Assignment
Using the data that follows, output only the lines from the line with "Missile niveau 3" up to and including the line with "The First Lady", exactly, leaving pictures aside.

Source material
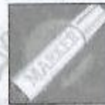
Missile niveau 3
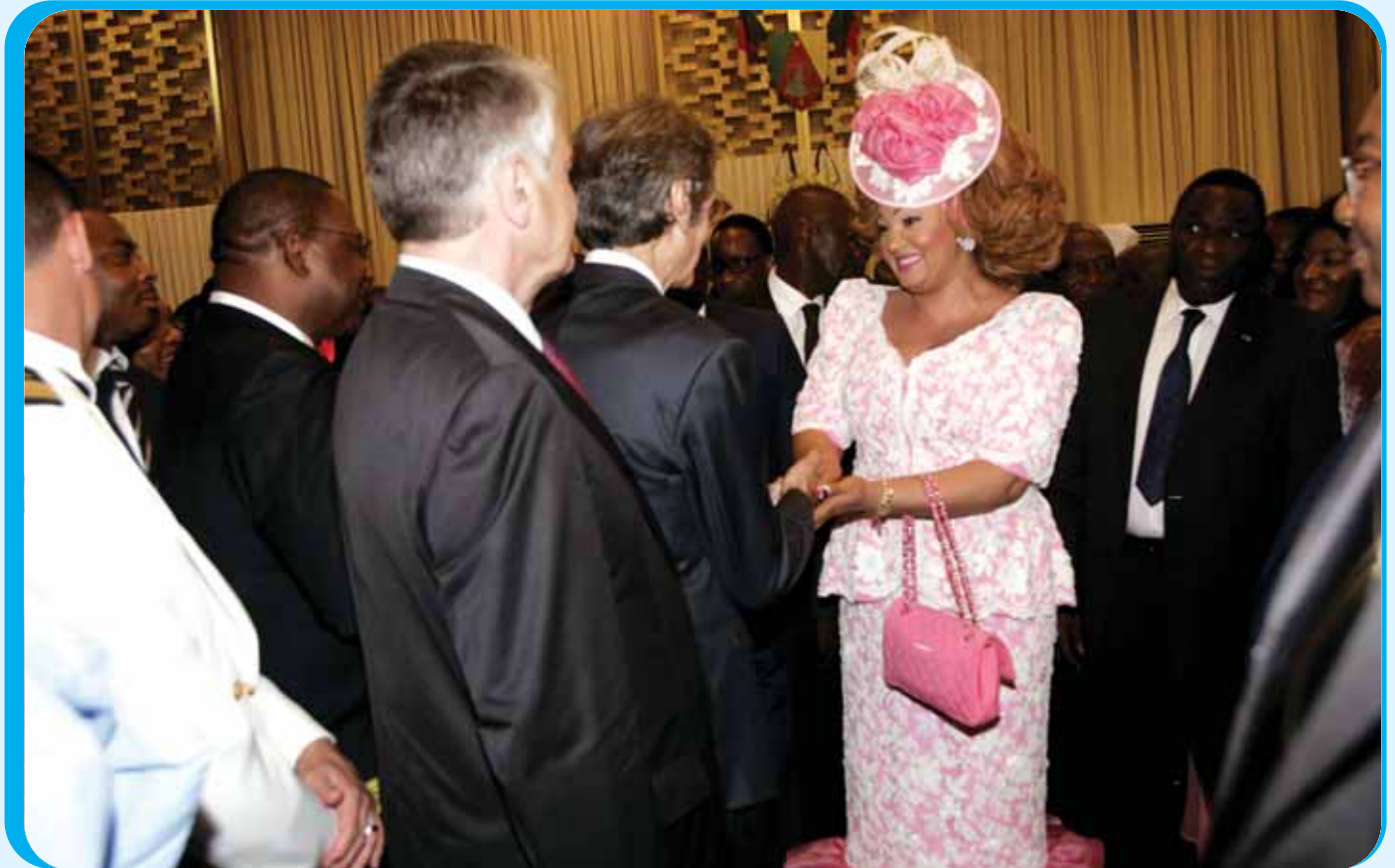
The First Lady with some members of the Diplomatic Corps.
--
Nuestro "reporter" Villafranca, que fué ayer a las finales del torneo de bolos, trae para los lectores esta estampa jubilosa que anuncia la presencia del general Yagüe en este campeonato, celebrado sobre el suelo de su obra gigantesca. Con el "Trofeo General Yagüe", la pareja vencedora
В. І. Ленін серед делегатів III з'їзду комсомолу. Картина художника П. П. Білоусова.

Problem solution
Missile niveau 3
The First Lady with some members of the Diplomatic Corps.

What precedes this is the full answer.